Despite recent advances, treatment of multiple myeloma (MM) still faces two main obstacles: drug resistance and the protective environment of the bone marrow that shelters malignant plasma cells. In a new study, a multidisciplinary research team at Technion, led by Prof. Yuval Shaked of the Rappaport Faculty of Medicine, and Prof. Avi Schroeder of the Wolfson Faculty of Chemical Engineering, have engineered a novel liposomal formulation (ATBL: AMD3100-targeted Bortezomib Liposomes) that improves delivery of bortezomib to the bone marrow, overcoming resistance in preclinical models and showing promising safety and specificity.

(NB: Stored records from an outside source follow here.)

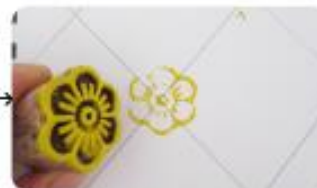
Press the block onto a piece of paper or fabric.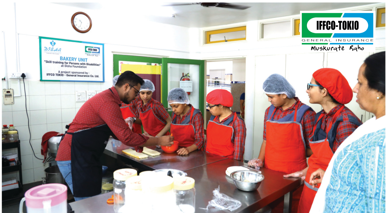
IFFCO Tokio General Insurance facilitated the establishment of Vocational Training Unit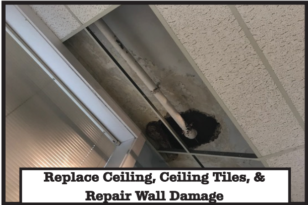
Replace Ceiling, Ceiling Tiles, & Repair Wall Damage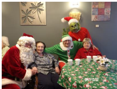
What a Prankster!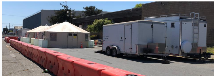
DPH Field Care Clinic at Southeast HC along Armstrong St:

Smarter drug delivery with bone marrow targeting
The research team, led by the Doctoral student Rotem Menachem, designed tiny particles called liposomes that can carry the cancer drug bortezomib. To ensure these particles reach multiple myeloma cells, they added a special “address label” that recognizes a marker called CXCR4, which is often present in high amounts on these cancer cells. This way, the treatment is guided directly to the bone marrow, where myeloma cells hide and grow.

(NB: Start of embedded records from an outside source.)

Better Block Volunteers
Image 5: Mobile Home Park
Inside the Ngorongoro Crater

Beating resistant cancer cells
One of the main challenges in multiple myeloma treatment is that the disease often becomes resistant to existing drugs, including bortezomib. In laboratory experiments and in mouse models, the new liposomes proved far more effective than regular bortezomib at killing myeloma cells — even those that no longer responded to the standard drug. The treatment slowed tumor growth significantly, showing that it can outsmart cancer cells that have become harder to treat.
Effective and safe
Beyond fighting the cancer, safety is crucial. The targeted liposomes built up mainly in the bone marrow rather than spreading throughout the body, reducing the risk of harmful side effects. Tests also showed that, unlike regular bortezomib, the new treatment did not trigger unwanted immune reactions that could actually help tumors grow. This means the therapy not only works better, but also appears safer and gentler on the rest of the body.
The Research has been published in ACS Nano.